At this point it is instructive to compare the minimum number of tests for robust verification in the adversarial scenario with the counterpart in the i.i.d. scenario. Numerical calculation shows that the ratio of \({N}_{\min }(\epsilon ,\delta ,\lambda ,r)\) over \({N}_{\min }^{{{{\rm{iid}}}}}(\epsilon ,\delta ,\lambda ,r)\) is decreasing in λ, as reflected in Fig. 8. For a typical value of λ, say λ = 1/2, this ratio is smaller than 2, so the sample complexity in the adversarial scenario is comparable to the counterpart in the i.i.d. scenario. When λ is small, one can construct another strategy with a larger λ by adding the trivial test [see Eq. (6)], which can achieve a higher efficiency in the adversarial scenario. Due to this reason, the ratio of \({N}_{\min }(\epsilon ,\delta ,\lambda ,r)\) over \({N}_{\min }^{{{{\rm{iid}}}}}(\epsilon ,\delta ,\lambda ,r)\) is not so important when λ ≤ 0.3.

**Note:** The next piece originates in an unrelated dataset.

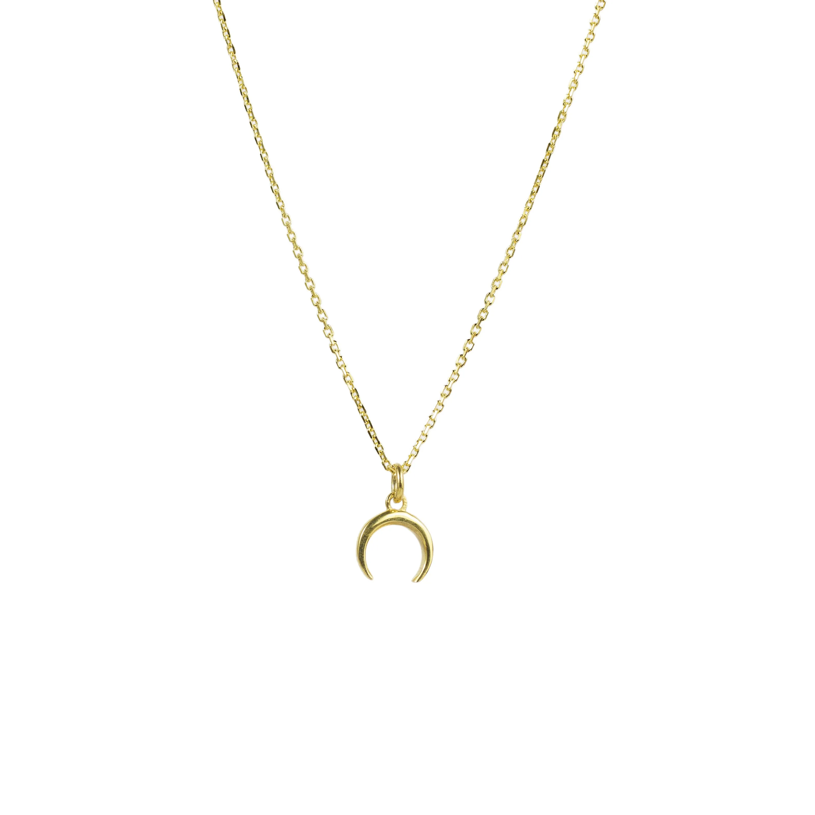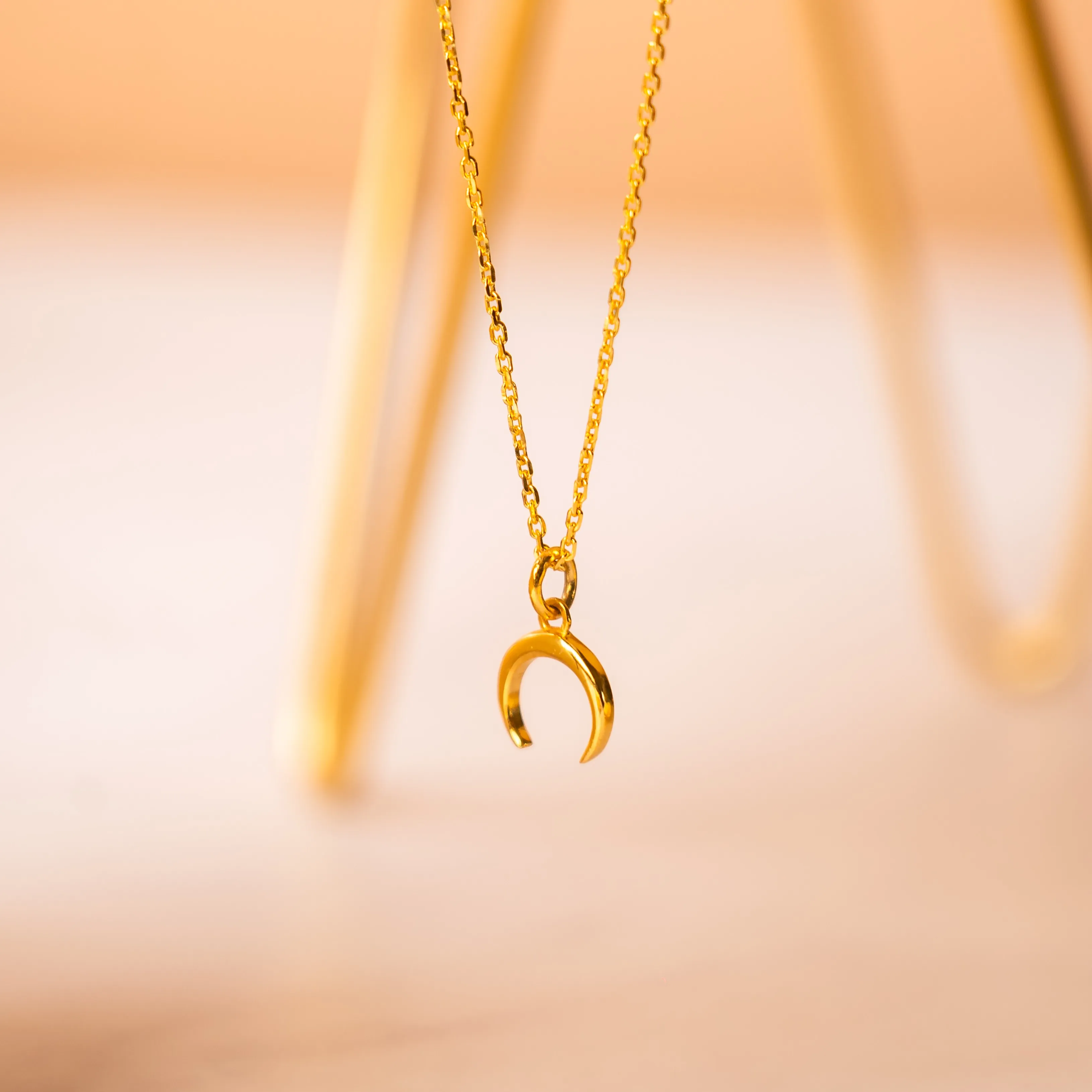 Graceful crescent pendant on a gold chain, channeling lunar tranquility.

Fig. 8: The ratio of \({N}_{\min }(\epsilon ,\delta ,\lambda ,r)\) over \({N}_{\min }^{{{{\rm{iid}}}}}(\epsilon ,\delta ,\lambda ,r)\) with ϵ = δ and r = 1/2.
figure 8

Here \({N}_{\min }(\epsilon ,\delta ,\lambda ,r)\) and \({N}_{\min }^{{{{\rm{iid}}}}}(\epsilon ,\delta ,\lambda ,r)\) are the minimum numbers of tests required for robust verification in the adversarial scenario and i.i.d. scenario, respectively.

The following proposition provides a guideline for choosing appropriate parameters N and k for achieving a given verification precision and robustness.

Proposition 6

Suppose 0 < δ, ϵ, r < 1 and 0 ≤ λ < 1. Then the conditions of soundness and robustness in Eq. (33) hold as long as s (rϵ, ϵ), k = νsN, and

$$N\ge \left\lceil \frac{\ln {\delta }^{-1}}{\min \{D(\nu s\parallel \nu r\epsilon ),D(\nu s\parallel \nu \epsilon )\}}\right\rceil .$$
(35)

For 0 < p, r < 1 we define functions

$$\zeta(r,p):= p \left[D \left(\left.\frac{\ln \left(\frac{1-p}{1-rp}\right)}{\ln r + \ln \left(\frac{1-p}{1-rp}\right)} \right\|p\right)\right]^{-1},$$
(36)
$$\xi (r):= \mathop{\lim }\limits_{p\to 0}\zeta (r,p)={\left[\frac{r-1}{\ln r}\ln \left(\frac{r-1}{\ln r}\right)+\left(1-\frac{r-1}{\ln r}\right)\right]}^{-1}.$$
(37)

By virtue of Proposition 6 we can derive the following informative bounds (for 0 < δ, ϵ, r < 1),

$${N}_{\min }^{{{{\rm{iid}}}}}(\epsilon ,\delta ,\lambda ,r)\le \left\lceil \frac{\ln {\delta }^{-1}}{\nu \epsilon }\zeta (r,\nu \epsilon )\right\rceil \le \left\lceil \frac{\ln {\delta }^{-1}}{\nu \epsilon }\xi (r)\right\rceil .$$
(38)

These bounds become tighter when the significance level δ approaches 0, as shown in Supplementary Figure 4. The coefficient ξ(r) in the second bound is plotted in Supplementary Figure 5. When r = λ = 1/2 for instance, the second upper bound in Eq. (38) implies that

$${N}_{\min }^{{{{\rm{iid}}}}}(\epsilon ,\delta ,\lambda ,r)\le \left\lceil \frac{2\,\xi (1/2)\ln {\delta }^{-1}}{\epsilon }\right\rceil \le \left\lceil \frac{46.5\ln {\delta }^{-1}}{\epsilon }\right\rceil ,$$
(39)

while numerical calculation shows that \({N}_{\min }^{{{{\rm{iid}}}}}(\epsilon ,\delta ,\lambda ,r)\) is smaller than \(41\,{\epsilon }^{-1}\ln {\delta }^{-1}\) for δ ≥ 10−10 and approaches \(2\,\xi (1/2)\,{\epsilon }^{-1}\ln {\delta }^{-1}\) when δ, ϵ → 0. Therefore, our protocol can enable robust and efficient verification of quantum states in the i.i.d. scenario.

Finally, it is instructive to clarify the relation between QSV in the i.i.d. scenario, nonadversarial scenario, and adversarial scenario. In the i.i.d. scenario, the assumptions on the source are the strongest, so QSV is the easiest, and the sample cost is the smallest. In the adversarial scenario, by contrast, the assumptions on the source are the weakest, so QSV is the most difficult, and the sample cost is the largest. For graph states with a prime local dimension, the sample cost in the adversarial scenario is comparable to the counterpart in the i.i.d. scenario thanks to our analysis above, which means the sample costs in all three scenarios are comparable.